Most search models in use these days are based on lexical similarity, or how many important words overlap. A more accurate model is based on semantic similarity, or how much abstract meaning overlaps.
Semantic similarity is based upon transformer models, a type of deep learning model, that creates an embedding to represent each document’s semantic meaning.
Lexical similarity is great if you know the exact keywords you are searching for, but brittle if you do not. Take two examples:
- Obama speaks to the media in Illinois.
- The President greets the press in Chicago.
For anyone familiar with US politics, the first example essentially says the same thing as the second – in other words, they are semantically (conceptually) similar. However, the important words in the two examples don’t match up. So the lexical similarity won’t return the same results.

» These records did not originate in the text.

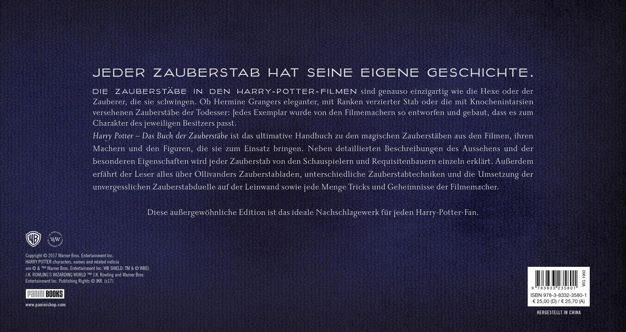 JEDER ZAUBERSTAB HAT SEINE EIGENE GESCHICHTE. DIE ZAUBERSTÄBE IN DEN HARRY-POTTER-FILMEN sind genauso einzigartig wie die Hexe oder der Zauberer, die sie schwingen. Ob Hermine Grangers eleganter, mit Ranken verzierter Stab oder die mit Knochenintarsien versehenen Zauberstäbe der Todesser: Jedes Exemplar wurde von den Filmemachern so entworfen und gebaut, dass es zum Charakter des jeweiligen Besitzers passt. Harry Potter - Das Buch der Zauberstäbe ist das ultimative Handbuch zu den magischen Zauberstäben aus den Filmen, ihren Machern und den Figuren, die sie zum Einsatz bringen. Neben detaillierten Beschreibungen des Aussehens und der besonderen Eigenschaften wird jeder Zauberstab von den Schauspielern und Requisitenbauern einzeln erklärt. Außerdem erfährt der Leser alles über Ollivanders Zauberstabladen, unterschiedliche Zauberstabtechniken und die Umsetzung der unvergesslichen Zauberstabduelle auf der Leinwand sowie jede Menge Tricks und Geheimnisse der Filmemacher.
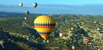 気球の行き先は風任せ。上昇と下降を繰り返しながら、カッパドキアの大地を眺める。
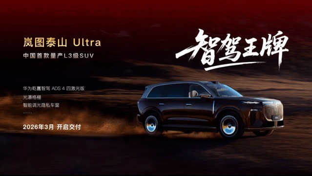 2026年1月28日,岚图汽车在年终媒体答谢会上宣布,岚图泰山Ultra将于今年3月正式开启交付。作为岚图汽车冲击L3赛道的重磅产品,岚图泰山Ultra完全按照L3级自动驾驶架构设计,并搭载最新的华为乾崑智驾四激光方案。
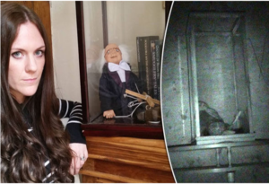 And last month she was left dumbfounded what her cameras caught, the chilling moment the wooden doll what seems came back to life. Night vision footage shows the puppet’s operating crow slowly moving on its own before crashing into one of the sealed glass frame.
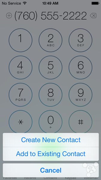 電話撥號鍵盤有了小小的改動。在已輸入電話號碼下方的“添加到通訊錄”不見了,被替換成了已輸入號碼前方的一個“+”按鍵。
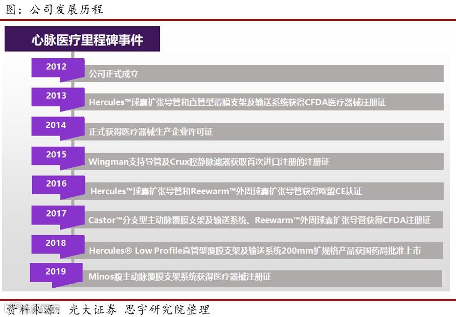 上海微创心脉医疗科技股份有限公司(简称:心脉医疗)是微创医疗科学有限公司旗下的子公司之一,成立于2012年,公司致力于主动脉及外周血管介入医疗器械的研发、制造和销售,主营产品包括主动脉覆膜支架系统、术中支架系统、外周血管支架系统、外周血管球囊扩张导管等产品。
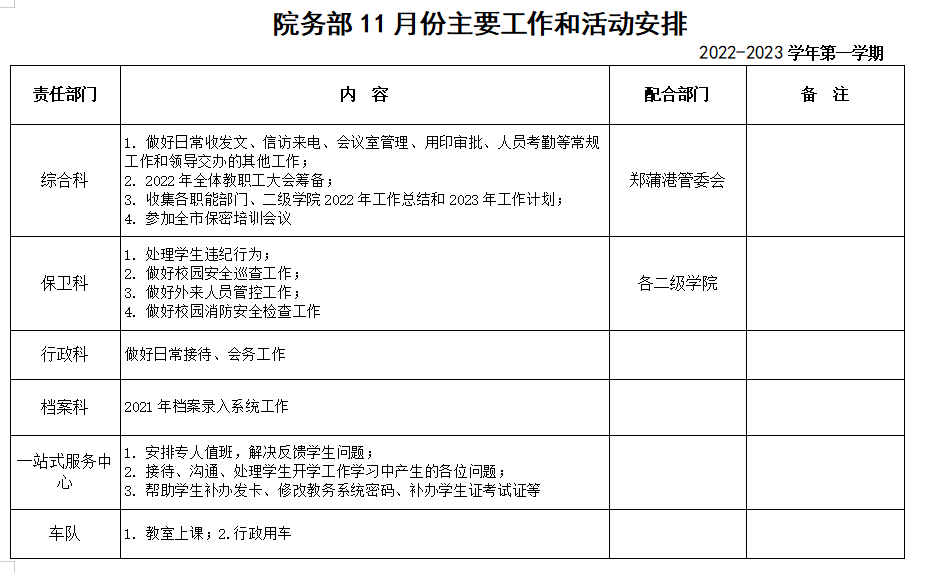 院务部十一月份工作安排

A semantic similarity approach matches up the words Obama and President, media and press, Illinois and Chicago, and speaks and greets.
I hadn’t considered that those models measure similarity between two words, but not between two sets of words, called documents in the parlance:
As it turns out, current state-of-the-art language models are good at measuring the similarity between two words, but not great at measuring the similarity between two documents. We had to perform a considerable amount of R&D work to develop a transformer model that could create document embeddings—we hope to go into the gory details of this work in future technical posts.
One essential trick was to use word mover distance to create labels for pairs of documents in an unsupervised manner—so that our model could learn how to map a document’s word embeddings into a single document embedding. But, for now, the example above gives you the high-level idea behind our approach.